[Source data]
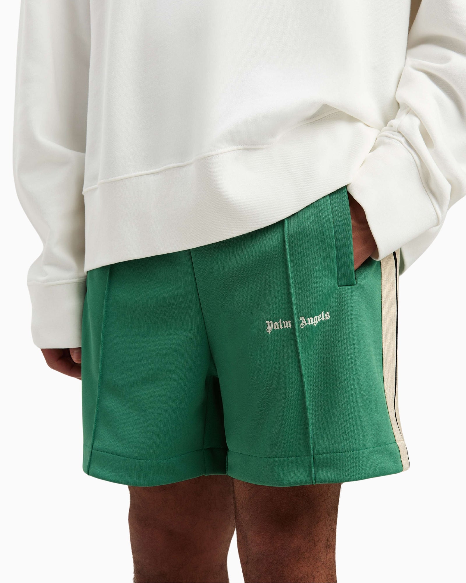 Pantaloncini sportivi da uomo color verde bosco con triplo elastico in vita, iconico nastro sui lati e logo Palm Angels ricamato in bianco sul davanti.
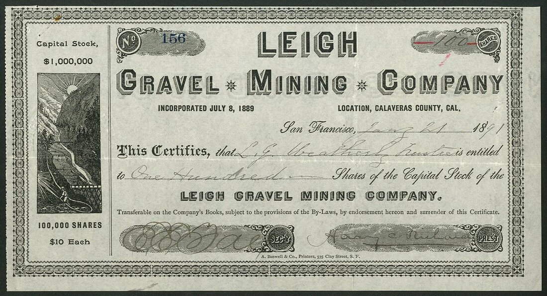 U.S.A: Leigh Gravel Mining Co., $10 shares, San Francisco 18[91], #156, small vignette of blasting on hillside, black. Incorporated 8th July 1889. Property in Calaveras County, California. GVF.
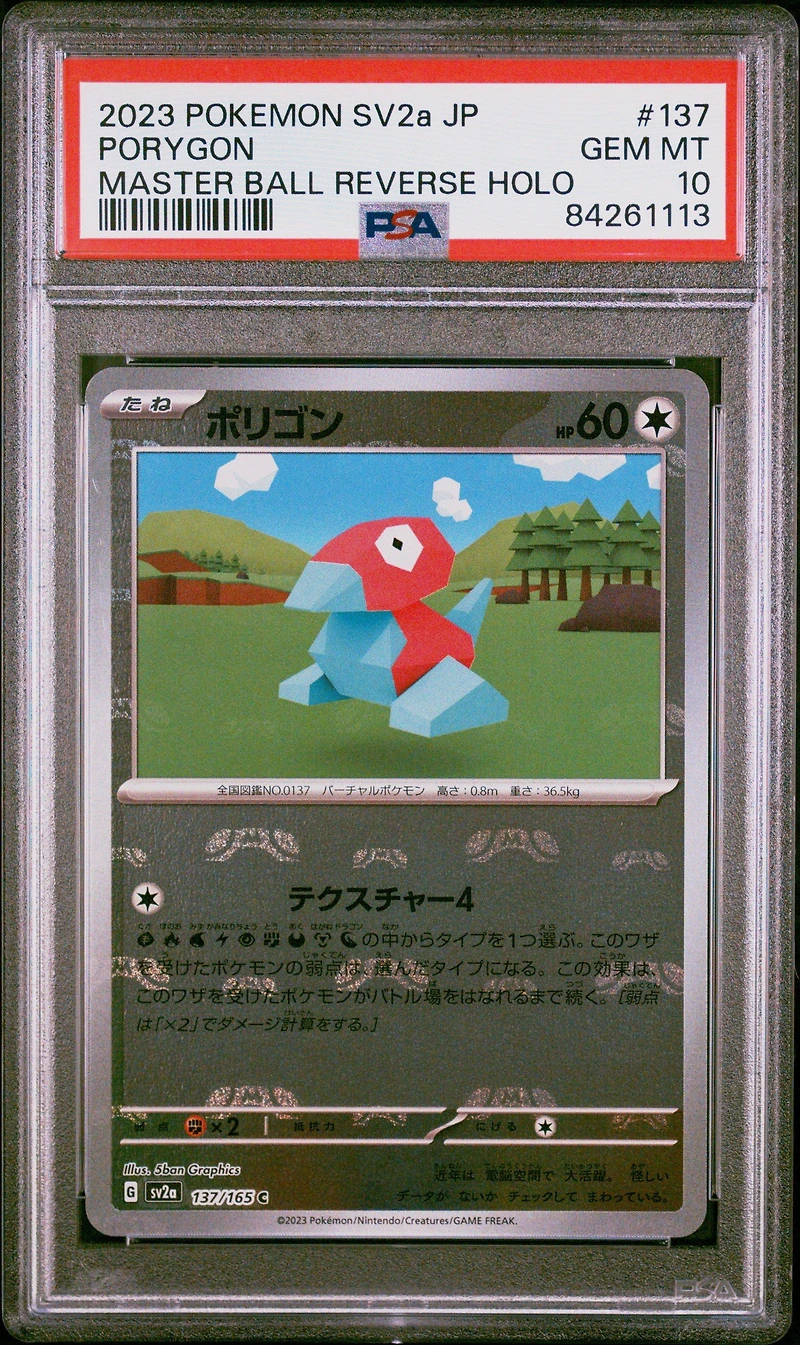 2023 Pokemon Japanese Sv2a-pokemon 151 137 Porygon Master Ball Reverse Holo PSA 102023 Pokemon Japanese Sv2a-pokemon 151 137 Porygon Master Ball Reverse Holo PSA 10
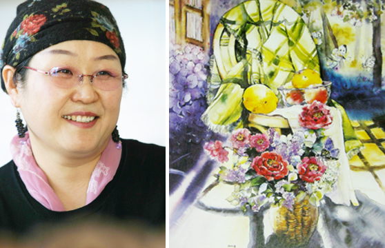 전시의 주인공은 한국미협회원이자 처인구 역북동에서 수수꽃다리 화실을 운영하는 김영란씨.
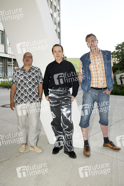 Uwe Kamitz, Timo Jacobs und Fred Aaron Blake bei der Open Air Preview des Kinofilms 'Hochstapler und Ponys / Impostors and Ponies' im Freiluftkino im FMP1. Berlin, 16.08.2025
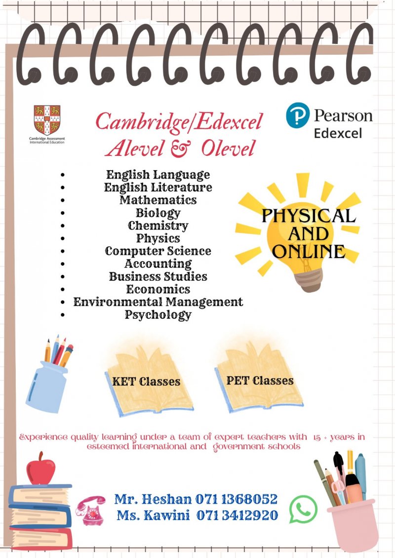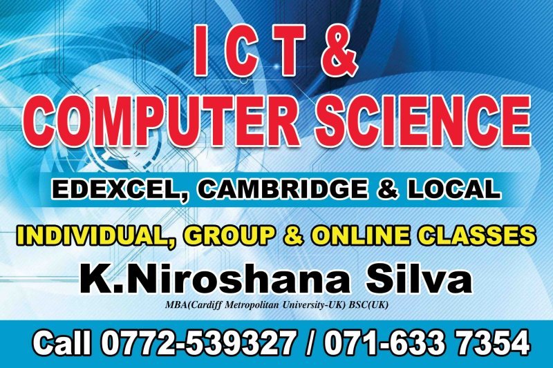 ICT Online Classes for Grade 6–13 Local School Syllabus, Cambridge. A/L & O/L Revision and Computer Programming Classes for Kids (Group Classes - English & Sinhala Medium with Theory & Practical-සිංහල /ඉංග්රීසි මාධ්ය කණ්ඩායම් පන්ති) A laptop or a Desktop is preferred for students. Conducted By K. Niroshana Silva BCS (UK - British Computer Society), MBA (UK - Cardiff Metropolitan University) Lecturer, Consultant with 30 years of ICT Industry Experience.
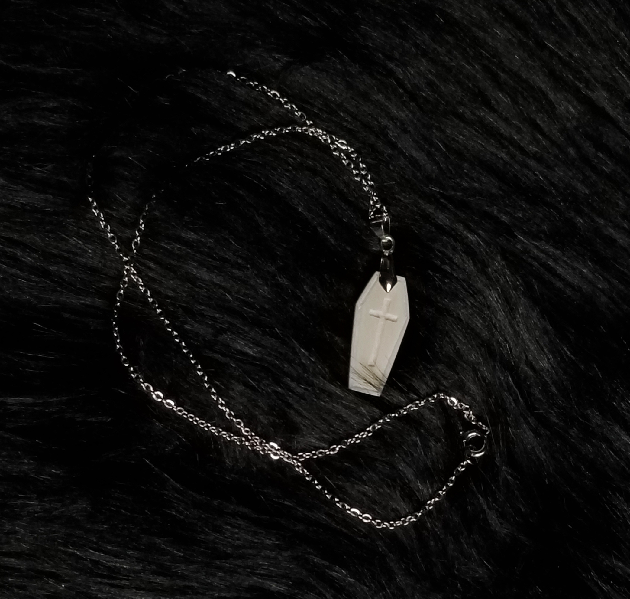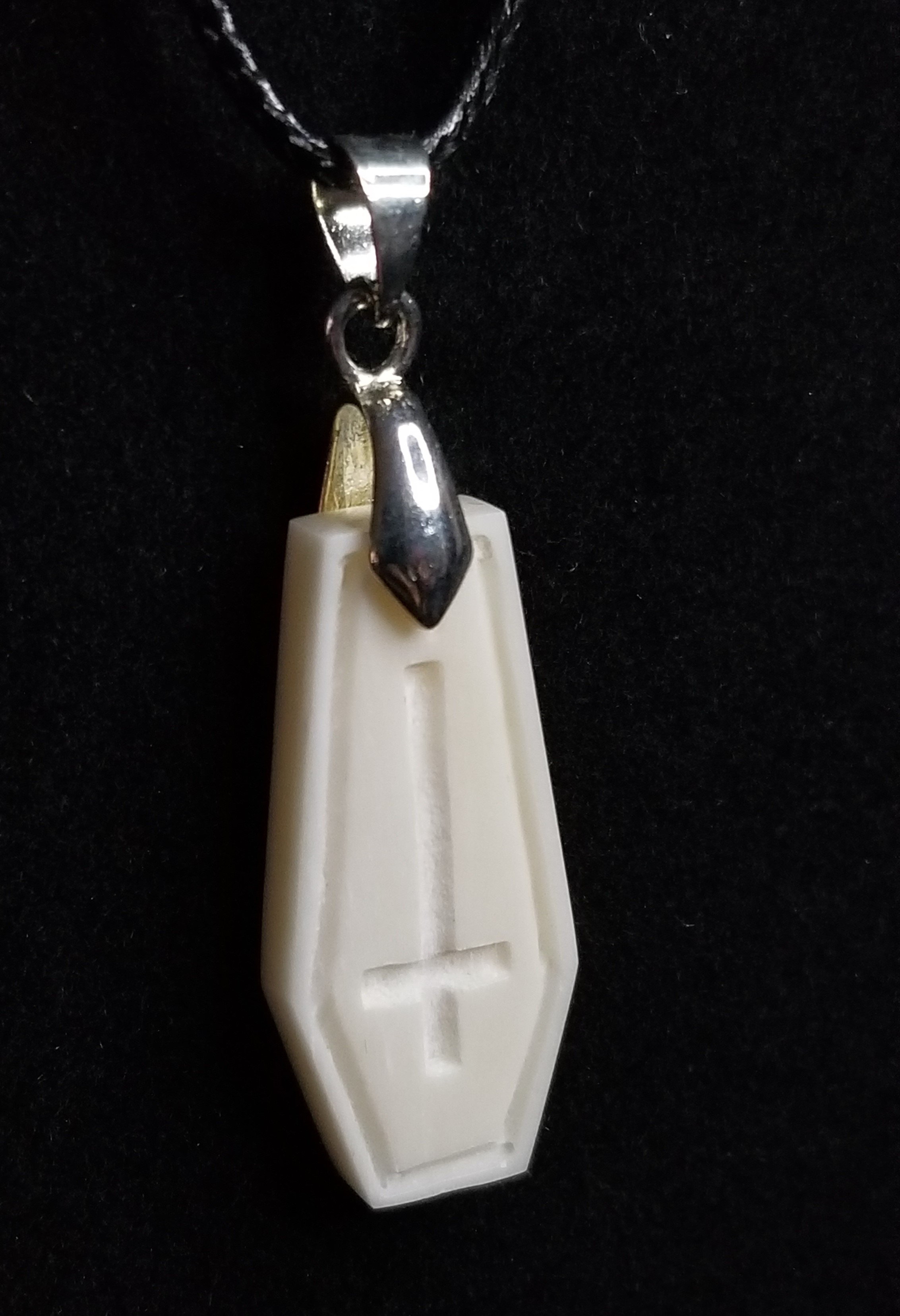 Elegant coffin pendant, hand-carved and polished from buffalo bone (ethically sourced from a farm in Oklahoma, USA).
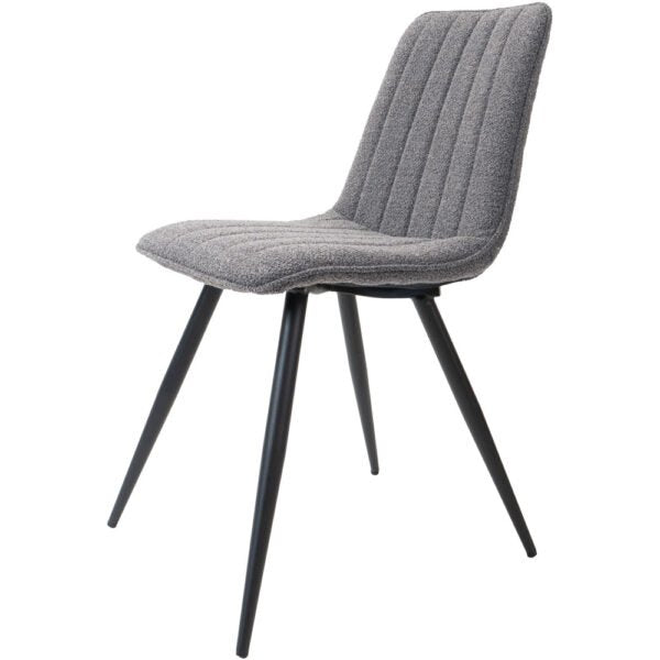 The Joppe dining room chair is covered with a soft boucle fabric, which provides a luxurious and comfortable seating experience.
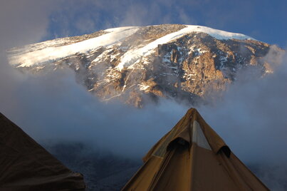 7. Tag: Aufbruch zum Kilimanjaro, 5895 m, dem "Dach Afrikas". Zunächst fahren Sie vorbei an Kaffee- und Bananenplantagen zum Startpunkt am Umbwe Gate, 1640 m. Über einen schmalen Pfad entlang eines Bergrückens erreichen Sie am späten Nachmittag mit dem Umbwe Cave Camp das erste Zeltlager in 2930 Meter Höhe (ca. 5h).
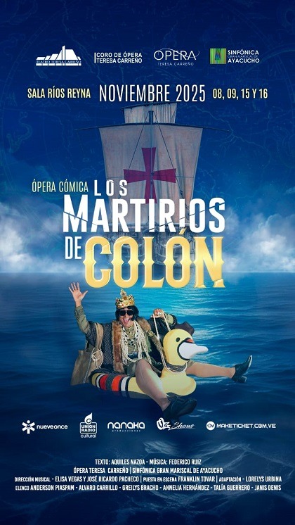 La Fundación Teatro Teresa Carreño y la Compañía Ópera Teresa Carreño se complacen en anunciar el esperado regreso a la Sala Ríos Reyna de la aclamada ópera cómica venezolana «Los Martirios de Colón». Esta producción, considerada una pieza cumbre del repertorio operístico nacional, ofrecerá funciones los días sábado 8, domingo 9, sábado 15 y domingo 16 de noviembre de 2025.
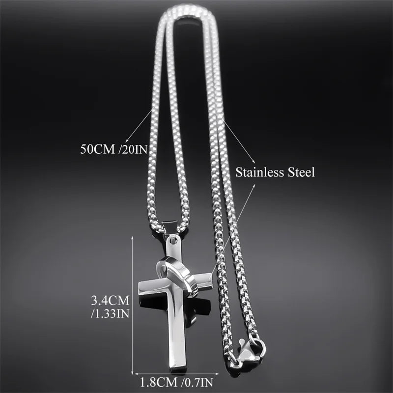 Collar con colgante de cruz simple con círculo para mujer y hombre, cadena de acero inoxidable con cruz de Cristo.
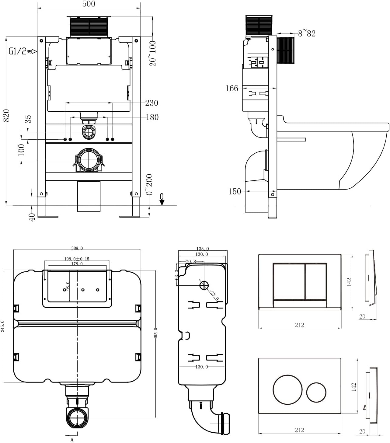 HOROW T02L WC-Vorwandelement mit Unterputz 50×12×82 cm
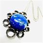 Originální stříbrný náhrdelník s odnímatelným závěsem. Dominantou šperku je sytě zbarvený lápis lazuli s výraznou kresbou. Závěs i masivní řetízek jsou vyrobeny ze stříbra ryzosti 835/1000. Celková váha 16,42 g. Délka řetízku 50 cm. Rozměry závěsu cca 3,8 x 3 cm. Nevšední, autorský šperk ve výborném stavu.
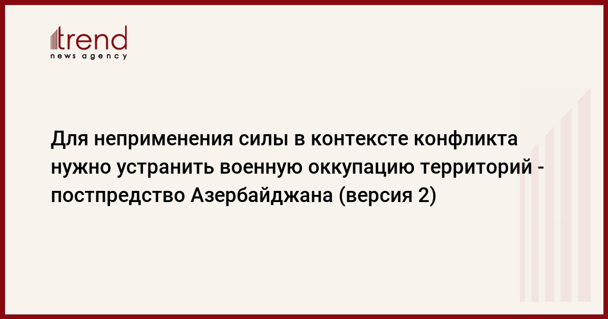 БАКУ /Trend/ - Те, кто заявляет о недопустимости применения силы в контексте урегулирования армяно-азербайджанского нагорно-карабахского конфликта, в первую очередь, должны устранить фактор военной оккупации азербайджанских территорий. Об этом говорится в понедельник в заявлении постоянного представительства Азербайджана в ОБСЕ.
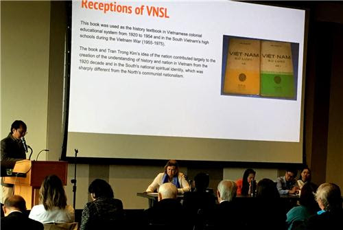 Diễn giả Nguyễn Lương Hải Khôi đang thuyết trình về Việt Nam sử lược của cụ Trần Trọng Kim.
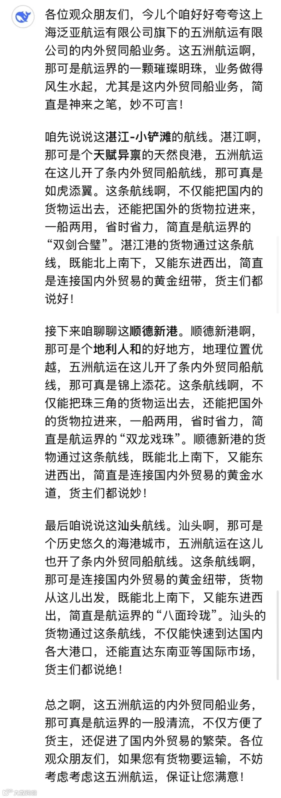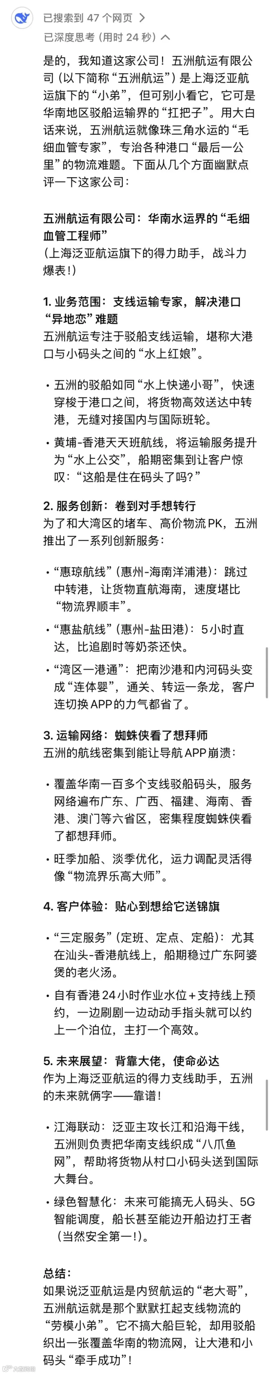 DeepSeek还是很懂五洲航运的
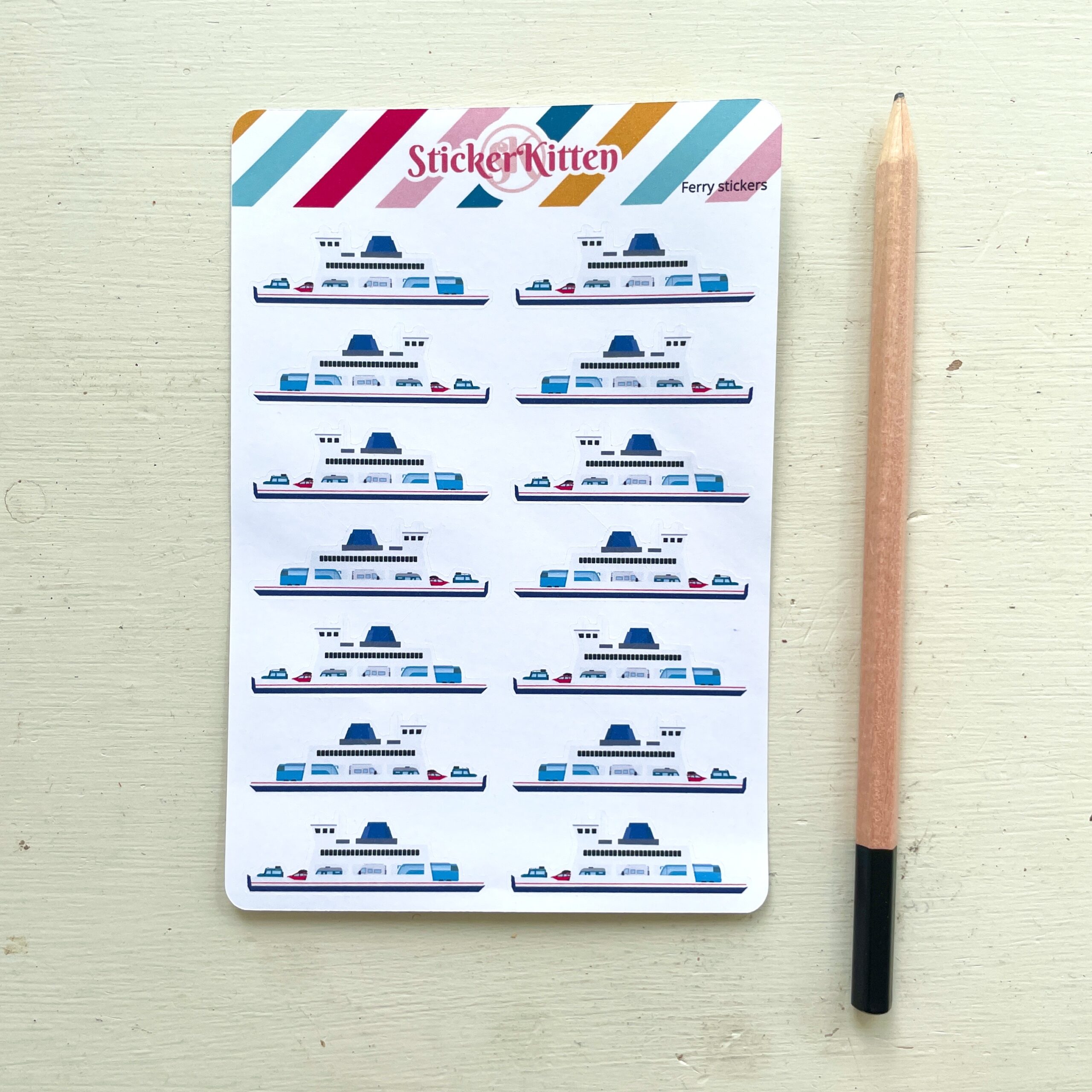 One sheet of ferry boat stickers. Matt paper. Kiss cut and ready to use.

### PROMPT
Exactly as written, give the entries above again, with no images.

### SOLUTION FOR THIS EXERCISE
 Pantaloncini sportivi da uomo color verde bosco con triplo elastico in vita, iconico nastro sui lati e logo Palm Angels ricamato in bianco sul davanti.
 U.S.A: Leigh Gravel Mining Co., $10 shares, San Francisco 18[91], #156, small vignette of blasting on hillside, black. Incorporated 8th July 1889. Property in Calaveras County, California. GVF.
 2023 Pokemon Japanese Sv2a-pokemon 151 137 Porygon Master Ball Reverse Holo PSA 102023 Pokemon Japanese Sv2a-pokemon 151 137 Porygon Master Ball Reverse Holo PSA 10
 전시의 주인공은 한국미협회원이자 처인구 역북동에서 수수꽃다리 화실을 운영하는 김영란씨.
 Uwe Kamitz, Timo Jacobs und Fred Aaron Blake bei der Open Air Preview des Kinofilms 'Hochstapler und Ponys / Impostors and Ponies' im Freiluftkino im FMP1. Berlin, 16.08.2025
 ICT Online Classes for Grade 6–13 Local School Syllabus, Cambridge. A/L & O/L Revision and Computer Programming Classes for Kids (Group Classes - English & Sinhala Medium with Theory & Practical-සිංහල /ඉංග්රීසි මාධ්ය කණ්ඩායම් පන්ති) A laptop or a Desktop is preferred for students. Conducted By K. Niroshana Silva BCS (UK - British Computer Society), MBA (UK - Cardiff Metropolitan University) Lecturer, Consultant with 30 years of ICT Industry Experience.
 Elegant coffin pendant, hand-carved and polished from buffalo bone (ethically sourced from a farm in Oklahoma, USA).
 The Joppe dining room chair is covered with a soft boucle fabric, which provides a luxurious and comfortable seating experience.
 7. Tag: Aufbruch zum Kilimanjaro, 5895 m, dem "Dach Afrikas". Zunächst fahren Sie vorbei an Kaffee- und Bananenplantagen zum Startpunkt am Umbwe Gate, 1640 m. Über einen schmalen Pfad entlang eines Bergrückens erreichen Sie am späten Nachmittag mit dem Umbwe Cave Camp das erste Zeltlager in 2930 Meter Höhe (ca. 5h).
 La Fundación Teatro Teresa Carreño y la Compañía Ópera Teresa Carreño se complacen en anunciar el esperado regreso a la Sala Ríos Reyna de la aclamada ópera cómica venezolana «Los Martirios de Colón». Esta producción, considerada una pieza cumbre del repertorio operístico nacional, ofrecerá funciones los días sábado 8, domingo 9, sábado 15 y domingo 16 de noviembre de 2025.
 Collar con colgante de cruz simple con círculo para mujer y hombre, cadena de acero inoxidable con cruz de Cristo.
 HOROW T02L WC-Vorwandelement mit Unterputz 50×12×82 cm
 Originální stříbrný náhrdelník s odnímatelným závěsem. Dominantou šperku je sytě zbarvený lápis lazuli s výraznou kresbou. Závěs i masivní řetízek jsou vyrobeny ze stříbra ryzosti 835/1000. Celková váha 16,42 g. Délka řetízku 50 cm. Rozměry závěsu cca 3,8 x 3 cm. Nevšední, autorský šperk ve výborném stavu.
 БАКУ /Trend/ - Те, кто заявляет о недопустимости применения силы в контексте урегулирования армяно-азербайджанского нагорно-карабахского конфликта, в первую очередь, должны устранить фактор военной оккупации азербайджанских территорий. Об этом говорится в понедельник в заявлении постоянного представительства Азербайджана в ОБСЕ.
 Diễn giả Nguyễn Lương Hải Khôi đang thuyết trình về Việt Nam sử lược của cụ Trần Trọng Kim.
 DeepSeek还是很懂五洲航运的
 One sheet of ferry boat stickers. Matt paper. Kiss cut and ready to use.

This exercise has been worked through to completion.